Here is what I've tried, and none of these has worked:
- Change AppPool to 'LocalSystem'
- Change AppPool to use a static super-duper Admin account
- Used Impersonation in code to manipulate the context of the calls in a local block with an admin user on the
MainNetworkdomain. - Used Impersonation in code to manipulate the context of the calls in a local block with an admin user on the
company.container.internaldomain. - Adding in
using (HostingEnvironment.Impersonate())
What gives here? I have tried impersonating every type of power admin on both domains, and used multiple AppPool settings, and I keep getting the same error. Is there anything that needs to change in the code with the declaration of the domains, or is there a permissions issue I'm missing?
回答1:
I figured this out and it turned out that using HostingEnvironment.Impersonate() was still at the root to solve the problem. I had already tried this, but there was another issue with my code.
The issue is often that the context for which the Active Directory calls is made is under a user that does not have permissions (also can happen when identity impersonate="true" in ASP.NET, due to the fact that the users token is a "secondary token" that cannot be used when authenticating against another server from: http://bit.ly/1753RjA).

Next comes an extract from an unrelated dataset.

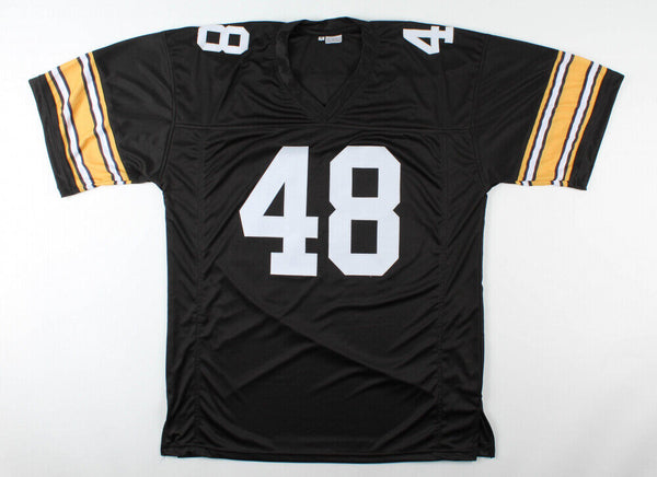 Custom on-field style jersey. Everything is sewn on, size XL. Hand-signed in black felt-tip pen by Bud Dupree. The lot / autograph(s) includes an official Beckett Authentication Services serially-numbered hologram and matching COA for authenticity purposes. The signing of this item was witnessed by Beckett.Authentication: Beckett COACustom on-field style jerseys are a more affordable option for autograph seekers. These jerseys do not have any brand name or tags and are made in the Philippines. They feature stitched on names and numbers and are made to look very similar to the on-field jerseys that the players wear. These custom jerseys are very commonly used in the memorabilia industry.

The following code will ensures that the block of code running, is run under the context of say the AppPool (i.e. NETWORKSERVICE) that the ASP.NET site is running under.
using (HostingEnvironment.Impersonate())
{
var domainContext = new PrincipalContext(ContextType.Domain, "myDomain.com");
var groupPrincipal = GroupPrincipal.FindByIdentity(domainContext, IdentityType.Name, "PowerUsers");
if (groupPrincipal != null)
{
//code to get the infomation
}
}
However, one super important detail is that all the code calling Active Directory must be in that block. I had used some code a team member of mine wrote that was returning a LINQ query results of type Users (custom class), but not evaluating the expression (bad practice). Therefore the expression tree was returned instead of the results.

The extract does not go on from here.